The China Emissions Exchange in Shenzhen, South China's Guangdong Province File photo: CFP
China will launch a national carbon market in 2017, Xie Zhenhua, China's special representative on climate change, told a press conference Wednesday.
China began a pilot carbon trading program in 2011 and there are now seven trading programs in cities such as Beijing and provinces such as South China's Guangdong.
Under these programs, companies that produce more than their share of emissions are allowed to buy unused quotas on the carbon trading market from those that produce less.
Xie said the current pilot programs are going well and the launch of a national market in 2017 is aimed at using a market approach to make the system workable.
The seven pilot programs had traded 40.24 million tons of carbon quotas by the end of August 2015, with the transactions worth a total of 1.2 billion yuan ($185.3 million), according to a report on China's efforts to combat climate change, released in November by the National Development and Reform Commission.
Dimitri de Boer, head of the China Carbon Forum (CCF), a Beijing-based nonprofit organization, said he was excited that China is taking such active steps to bring its carbon emissions under control, and using market-based methods to do it.
At the UN Climate Change Conference in Paris earlier this month, China pledged that its carbon emissions will peak by around 2030.
"It is very important in China for the government to show its determination, as the corporate sector can adapt to these signals pretty quickly," said Bai Yunwen, director of the policy center at Greenovation Hub, a Chinese NGO that focuses on climate change and environmental protection.
The mushrooming of carbon consultation firms lately is an example of firms expanding their activities in this area, Bai told the Global Times Wednesday.
However, a survey by the CCF released in September, which covered professionals at academic and research institutes, in industry and at carbon trading companies, indicated that over 70 percent of the respondents expected a nationwide system of emissions trading would not become fully functional before 2020.
Difficulties
"China should not underestimate how difficult it is to make a good carbon administration scheme. Europe has been trying to do it for more than a decade and it has been quite difficult," de Boer told the Global Times on Wednesday.

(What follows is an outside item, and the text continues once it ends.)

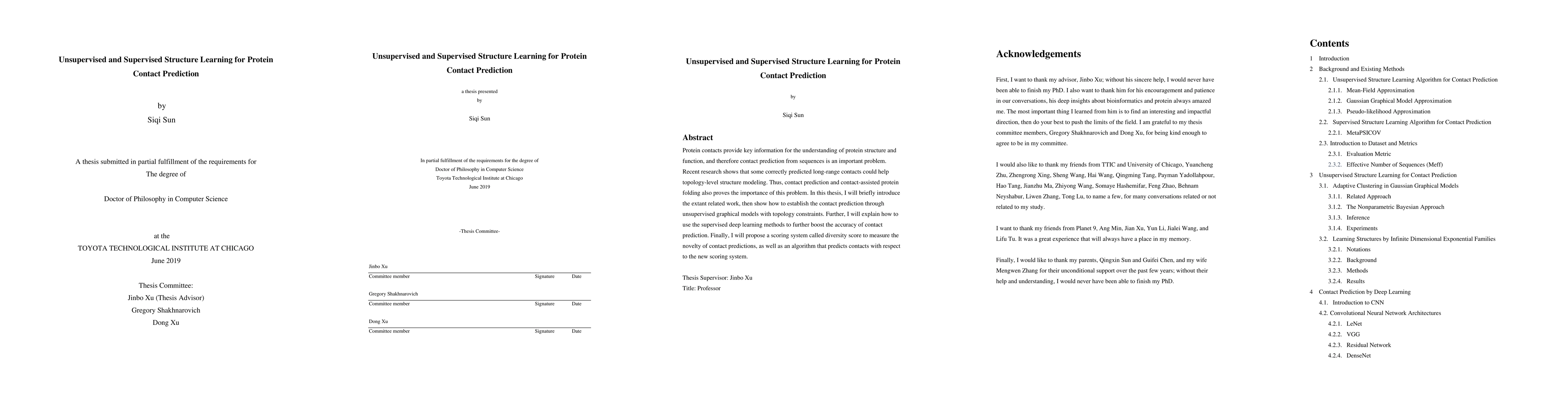 Protein contacts provide key information for the understanding of protein structure and function, and therefore contact prediction from sequences is an important problem. Recent research shows that some correctly predicted long-range contacts could help topology-level structure modeling. Thus, contact prediction and contact-assisted protein folding also proves the importance of this problem. In this thesis, I will briefly introduce the extant related work, then show how to establish the contact prediction through unsupervised graphical models with topology constraints. Further, I will explain how to use the supervised deep learning methods to further boost the accuracy of contact prediction. Finally, I will propose a scoring system called diversity score to measure the novelty of contact predictions, as well as an algorithm that predicts contacts with respect to the new scoring system.

China should put significant efforts into building the system, which will be the largest carbon trading scheme in the whole world, he said.
"To trade something you cannot even see or touch, and carbon emissions that haven't been emitted, is quite an abstract concept for many," said de Boer.
He noted that it could take some time before the scheme really works well, especially in less developed regions of China.
There have also been concerns from companies over the transparency of the system, he said.
A national carbon market will probably lead to a rise in investment in companies in the new-energy sectors, as these firms will benefit from ownership of carbon assets that will allow them to secure more loans from banks, Bai said.
Also, mergers and acquisitions in the coal industry, which is suffering widespread losses, will help create larger companies that are more ready to use environmentally friendly facilities and participate in the nation's carbon scheme, Bai noted.
China announced a goal in 2009 of reducing emissions intensity by 40 to 45 percent by 2020, compared with the level in 2005.